Die Frau antwortet entrüstet: „Nein, meine Kinder wollen schließlich auch was sehen!“

17 Kommentare zu “Behinderte Momente #4

  1. ich habe auch eine schwerbehinderte Tochter (Pflegestufe 3…) und leider kenne ich solche Geschichten…. Was für eine schreckliche und demütigende Situation! Um mich zu schützen habe ich mir für solche Unverschämtheiten (die einem ja leider immer wieder begegnen) eine Standardantwort zurecht gelegt: „wie schön, dass Sie sich bester Gesundheit erfreuen sind…. hoffen wir, dass Sie oder Ihre Kinder niemals auf Hilfe anderer angewiesen sind. Ich wünsche Ihnen alles Liebe und Gute.“….. Ok – es hilft vor allem mir, wenn ich nicht sprachlos Gemeinheiten hinnehmen muss… Aber meist erreiche ich , dass die Menschen (auch die drumherum) betreten schweigen 🙂

  2. Schrecklich.
    Unfassbar – sich mit Kindern in die Kirche zu setzen, um mit ihnen zu feiern, dass Gott Mensch wird, und dabei freie Sicht haben wollen statt Mitmenschen.
    Ich mag mir gar nicht vorstellen, wie ermüdend es für dich sein muss, immer wieder Bedürfnisse zu erklären und auf so ignorante und dumme Personen zu treffen.

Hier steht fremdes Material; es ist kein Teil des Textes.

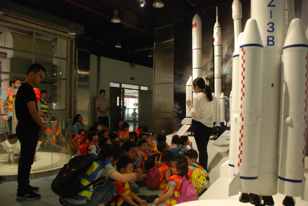 图3 讲解员为孩子们讲解运载火箭

Das ist ja schon im „ganz normalen Leben“ anstrengend, aber da hat man mehr Energie für Auseinandersetzungen und ist auch gar nicht so auf die Mithilfe anderer angewiesen.
    Ich wünsch euch für 2015 lauter soziale Mitmenschen, viel Schwung und Rückenwind!
    Christine

  3. Weißt du welche Szene ich mir gerade bildlich vorgestellt habe? Einen Fausthieb für dieses „Weib“ Sorry das ist jetzt wirklich bösartig, aber die tickt wohl nicht richtig.

    Ich hätte ihr ein lautes “ und was ist mit Nächstenliebe evt noch, meine Tochter hat eine Behinderung“ entgegengepfeffert. Die hätte sich sicher erschrocken oder geschämt, wenn es Umstehende gehört hätten.

    • ps: das mit der Behinderung hast du ja erwähnt. Die Frau kann sich was schämen, ich hoffe sie kommt mal hier auf diese Seite und liest irgendwann diesen Thread…

      • ps2: mein Mann war jetzt auch schockiert und meinte , er hätte sich nach vorne gestellt und laut gefragt, ob jemand einen Platz anzubieten hätte, bzw er hätte sich auch an den Pfarrer gewandt.
        Ich wette mit dir, die Frau hätte sich in Grund und Boden geschämt.

  4. Ich weiss nicht was überwiegt in diesem moment, meine unbändige wut über solche leute und ihren fehlendes mitgefühl oder der Seelenschmerz der mich erfasst wenn ich daran denke wie du dich fühlen musst in diesem moment. Ich wünsche euch alles gute
    Liebe grüsse aus der schweiz

  5. Ich bin – schockiert! Anders kann ich meine Gefühle über diese Gefühl-losigkeit nicht ausdrücken.
    Da hat wohl jemand den Sinn von Weihnachten nicht wirklich verstanden…
    Ich hoffe doch sehr, dass euer Fest trotz dieses euch „behindernden Moments“ ein wunderschönes war.

    Liebe Grüße
    Simone

    • Liebe Simone, mir stand auch der Mund offen (und das passiert mir nicht oft). Wir hatten trotzdem wunderschöne Weihnachten. Ich hoffe, Du uns Deine Lieben auch. Herzliche Grüße, Mareice

  6. Ach Mensch! Der Geist der Weihnacht ist euch da nicht begegnet.
    Ich kann einfach immer noch nicht verstehen, wie diese Menschen ticken. Ich selbst habe kein Kind, das von einer Behinderung betroffen ist. Aber ich habe über 10 Jahre Ferienfreizeit für Jugendliche und Erwachsene organisiert und geleitet und mehr als einmal hatten wir solche und schlimmere Situationen zu ertragen. Mir fällt kein Trost ein, außer vielleicht, dass diese Menschen im Grunde viel ärmer dran sind.
    Liebe Grüße
    Julia

    • Ja, liebe Friederike. Eine weihnachtliche Pointe gab es leider nicht, auch ich hatte mir das anders gewünscht und bin bis heute ein bißchen fassungslos. Zum Glück gibt`s auch andere Menschen, emphatische, freundliche, nächstenliebende. Herzliche Grüße, Mareice

  7. Immerhin hast du noch einen Platz bekommen … *ironie off*
    Ich wünsch Euch eine schöne, ruhige Zeit zwischen den Jahren und einen guten Start ins kommende Jahr. Schön dass es Euch und deinen Blog gibt.